Only step is to implement a protocol of ExponeaSdk.XamarinAuthorizationProvider with [Register("ExponeaAuthProvider")] that will be requested from iOS native part of SDK. See given example:

using Foundation;

namespace YourApplicationNamespace.iOS
{
    [Register("ExponeaAuthProvider")]
    public class ExampleAuthProvider : ExponeaSdk.XamarinAuthorizationProvider
    {
        public ExampleAuthProvider()
        {
        }

        public override string AuthorizationToken => ...
    }

}

Please notice the requirements of class definition. Your class has to be registered with name (see [Register("ExponeaAuthProvider")]) that will be searched by SDK. Also, let a class to inherit from ExponeaSdk.XamarinAuthorizationProvider that has to be defined to support valid communication between native and xamarin implementations.
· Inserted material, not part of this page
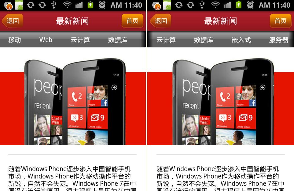 關於導航菜單,相信大家對它並不陌生,比如在新聞客戶端中就經常使用左右滑動菜單來顯示不同類別的新聞。網上也有關於這方面的一些示例,但是許多都是使用Tabhost來做的,實現了圖片平滑動畫效果,但沒有實現菜單左右滑動的效果。我們先來看下本示例的效果圖:

If you define ExponeaAuthProvider but is not working, please check for logs.

1. If you enable Customer Token authorization by configuration flag advancedAuthEnabled and implementation has not been found, you'll see log Advanced authorization flag has been enabled without provider
2. Registered class has to extend NSObject otherwise you'll see log Class ExponeaAuthProvider does not conform to NSObject This should be already provided by XamarinAuthorizationProvider itself, but we note this log for any case.
3. Registered class has to conform to XamarinAuthorizationProvider otherwise you'll see log Class ExponeaAuthProvider does not conform to AuthorizationProviderType Log seems misleading but that is caused by differences between Swift and #C languages. Class XamarinAuthorizationProvider already implements this protocol, so if you see this logs, your class is not extending a class XamarinAuthorizationProvider for some reason.

Asynchronous implementation of AuthorizationProvider

Token value is requested for every HTTP call in runtime. Value from AuthorizationToken is requested in background thread. Therefore, you are able to block any asynchronous token retrieval (i.e. other HTTP call) and waits for result by blocking this thread. In case of error result of your token retrieval you may return NULL value but request will automatically fail.

Customer Token retrieval policy

Token value is requested for every HTTP call (listed previously in this doc) that requires it. As it is common thing that JWT tokens have own expiration lifetime so may be used multiple times. Thus information cannot be read from JWT token value directly so SDK is not storing token in any cache. As developer you may implement any type of token cache behavior you want.

Please consider to store your cached token in more secured way. Android and iOS offers you multiple options such as using KeyStore or use Encrypted Shared Preferences

⚠️ Customer Token is valid until its expiration and is assigned to current customer IDs. Bear in mind that if customer IDs have changed (during identifyCustomer or anonymize method) your Customer token is invalid for future HTTP requests invoked for new customer IDs.